Furthermore open-source software need not be competition for industry. Rather it can provide fodder for the development of new commercial solutions to support the market, Goldhaber said. For example, companies have built and sold successful commercial products based on the open RedHat enterprise linux platform, he pointed out. "So too, I think there will be plenty of open-source application programs developed by universities and individuals that execute on our platform at DNANexus," he said.

Maverix also offers open-source software on its platform, including applications like the UCSC Genome Browser. This marriage of freely available software with cloud computing, which helps to lower the entry barrier for customers with limited in-house infrastructure for analysis and storage, appealed to Yang and were among the reasons he decided to invest in the company, he told BioInform. A 30-year veteran of the semiconductor industry where he worked with software and big data, Yang saw genomics as an area where he could bring both his business development and software expertise to bear.

Borrowing from experiences in the semiconductor space, Yang offered his perspective on the bioinformatics landscape and at the same time highlighted some metrics that he — and potentially other venture capitalists — use to evaluate prospective investments. He told BioInform that he founded his company Apache Design to focus on developing technology that would enable electronics, such as mobile phones, to run on less power, believing that in the long run this type of technology would prove profitable. That was more than a decade ago, and at the time much of the semiconductor industry focused on developing faster systems and had little interest in low power use. Then Apple launched the first generation of smartphones and the industry's focus shifted.

In the same vein, bioinformatics companies hoping to be competitive, he said, need to be thinking years ahead of the market and identifying emerging technologies that have the potential to be "key success factor[s]" for the life sciences industry — not simply chasing after "well established …commoditized solutions" — as well as developing business models that are cost effective and encourage customers to buy rather than create their own solutions. Couple forward thinking with good financial backing, a well-executed commercialization strategy, and the "[business] opportunity will come," he said.

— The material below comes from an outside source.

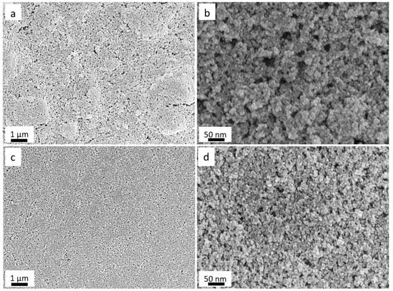The low- and high-magnification scanning electron microscope (SEM) images (Figure 2a–d) show the morphologies of SANP-S and SANP-T films. It can be observed that SANP-S (Figure 2a,b) had a more aggregated structure and non-uniform surface topography compared to SANP-T (Figure 2c,d), in line with our expectations. SANP-S films also showed significant cracking at this scale, which is attributed to aggregation. Both had similar particle size about 25 ± 3 nm, in line with the above XRD results.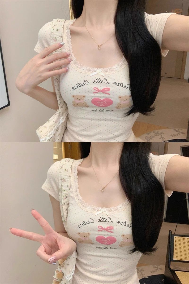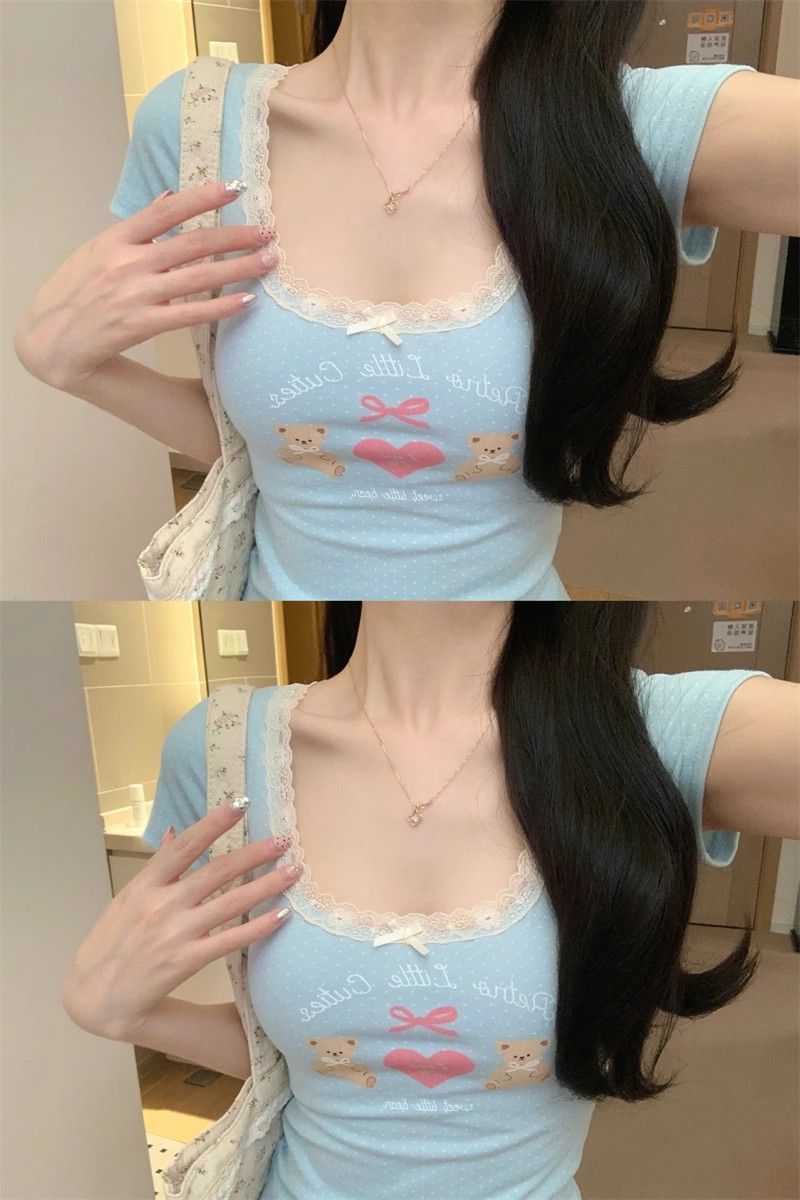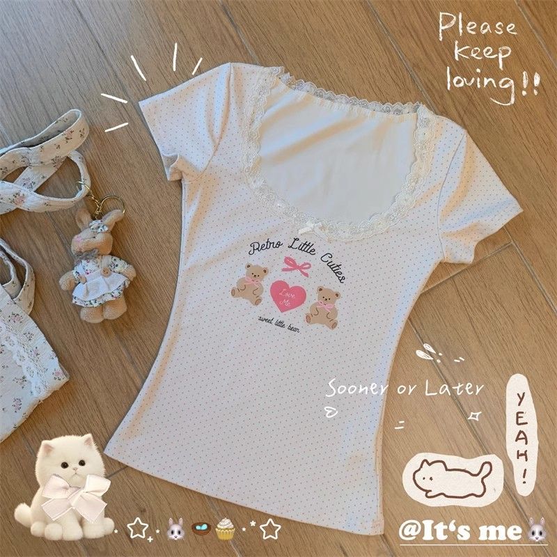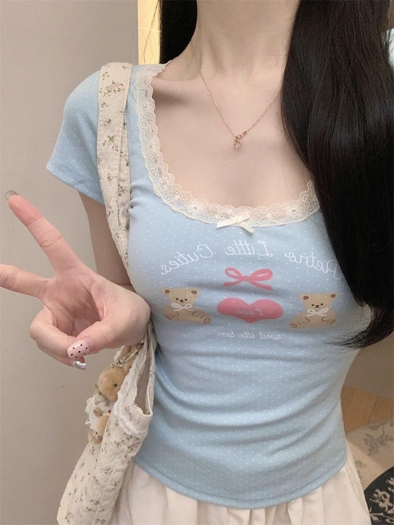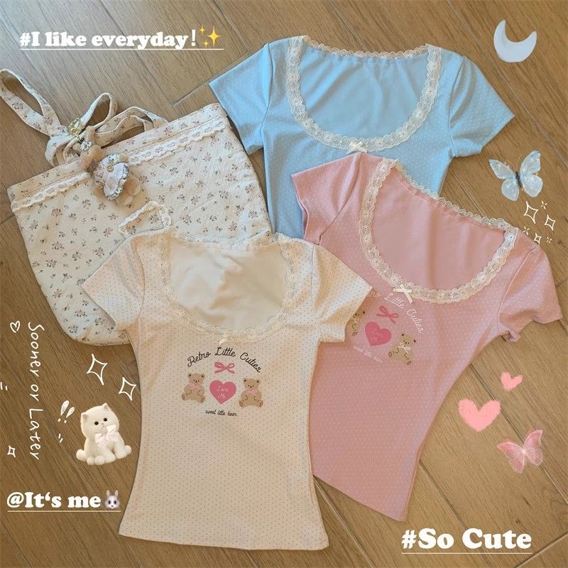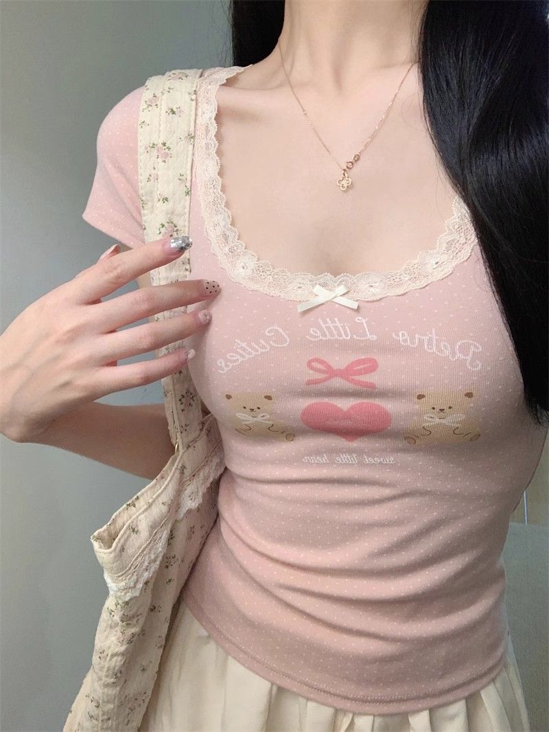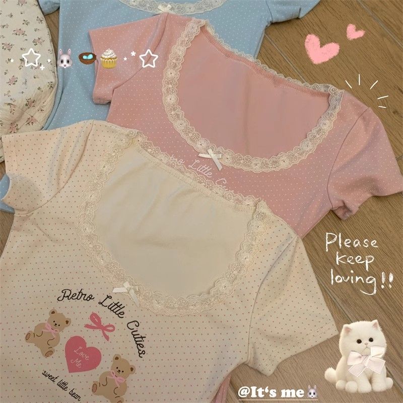 夏季新款纯棉bm风印花短袖t恤女小众设计感蕾丝蝴蝶结修身显瘦

He also stressed — as many within the bioinformatics community have — the importance of standardizing platforms and technologies. Referencing the semiconductor industry again, Yang noted that setting standards there spurred increased productivity and has resulted in major advances for the sector. That wasn’t the case nearly 30 years ago. Back then, research institutions cobbled together their own solutions and relied on in-house experts to answer their research questions. It wasn’t until the engineering and manufacturing communities began working together to establish standards that things began to change. This is what has to happen in the bioinformatics area "where you have so many silos established in pharmaceutical companies, government institutions, [and] research institutions," he said. This way, the community can start to "produce commercially stable, repeatable results, instead of using ad hoc analytic programs that are not supportable."

Exit prospects also look good for bioinformatics companies, according to investors, either through merging with or being bought by a larger company — sequencing vendors are possible candidates here — or through a public offering. "The marketplace for genetic analysis, I think, is going to grow with the same sort of extraordinary growth that we've seen the internet grow over the years," Claremont Creek's Goldhaber said. "We are just on the leading edge of that right now, so who knows what the proper outcome is long term for a liquidity event?"